Ruminder Dhillon, president at the BioAccelerator Holdings venture capital fund, said the disparate elements of the bioscience community have collaborated more over the last two years, helping drive growth.
“People are beginning to behave in a way that they should have behaved for a long time,” Dhillon said. “Things are changing. We’re just doing work right now that should have been done about 15 or 20 years ago, I think.”
He said BioAccel’s venture capital fund encourages collaboration by reinvesting in the growth of the broader bioscience industry.
Brad Halvorsen, executive vice president of the Flinn Foundation, said a reason the report shows a low amount of venture capital investments in startups may be the prevalence of largely unrecorded funding deals for business in very early stages. That phenomenon is difficult to quantify and not included in the foundation’s report, he said.
Venture capital funding was at a record high when the group started its bioscience roadmap project and began tracking indicators in 2002, Halvorsen said.

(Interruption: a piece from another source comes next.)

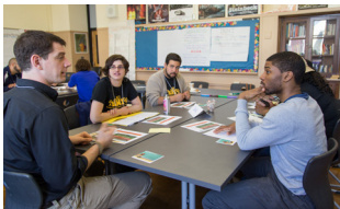
above: DSNI Community Summit

Fourteen of the 20 Boston Promise Initiative Organizers hired to conduct the neighborhood survey were residents of the Dudley Village Campus. Over $35,000 was invested in jobs and resident leadership.

“It’s always been a challenge for Arizona every year,” Halvorsen said. “That’s one of the top priorities, that Arizona needs to improve its competitiveness in generating risk capital. There’s a good trend in the last three or four years showing that it is coming back in Arizona as it has been doing nationally.”
Research is critical
The amount of research funding flowing into Arizona also could impact the growth of the bioscience industry. Halvorsen said the state’s ability to attract research grants from the National Institutes of Health has dipped slightly in recent years.
Arizona’s share of all NIH grants has declined from a high of 0.82 percent in 2013 to 0.63 percent in 2015. In 2013, the state received about $20 million from the organization, but about $15 million in 2015.
While the small sample size means this may be more statistical fluctuation than reliable trend, Halvorsen called the decline concerning.
“The competition for these grants has become fiercely competitive, so it’s a harder environment to get funded,” he said. “Whether it’s other states that are excelling, or Arizona that’s not as competitive, we don’t know that for sure from the data that we have. But certainly the data is showing that our performance is starting to taper off and needs to be picked up again.”
Halvorsen said the looming expiration of the statewide sales tax funding education also could reduce public universities’ ability to conduct research.
The state allocates a portion of that revenue to universities for technology and research. Universities received more than $67 million from the tax in fiscal year 2015, and hundreds of millions more over the past decade, according to Arizona State Treasury data. The tax is set to expire in 2021.
Matt Ellsworth, vice president of communications for the Flinn Foundation, said research money is a critical foundation for the formation of new bioscience companies.
“There’s no hiding the fact that with the largest bioscience companies in the country, there’s a direct line to some of the great universities in the country,” Ellsworth said. “We have the potential to do the same thing here in Arizona as long as those universities remain strong.”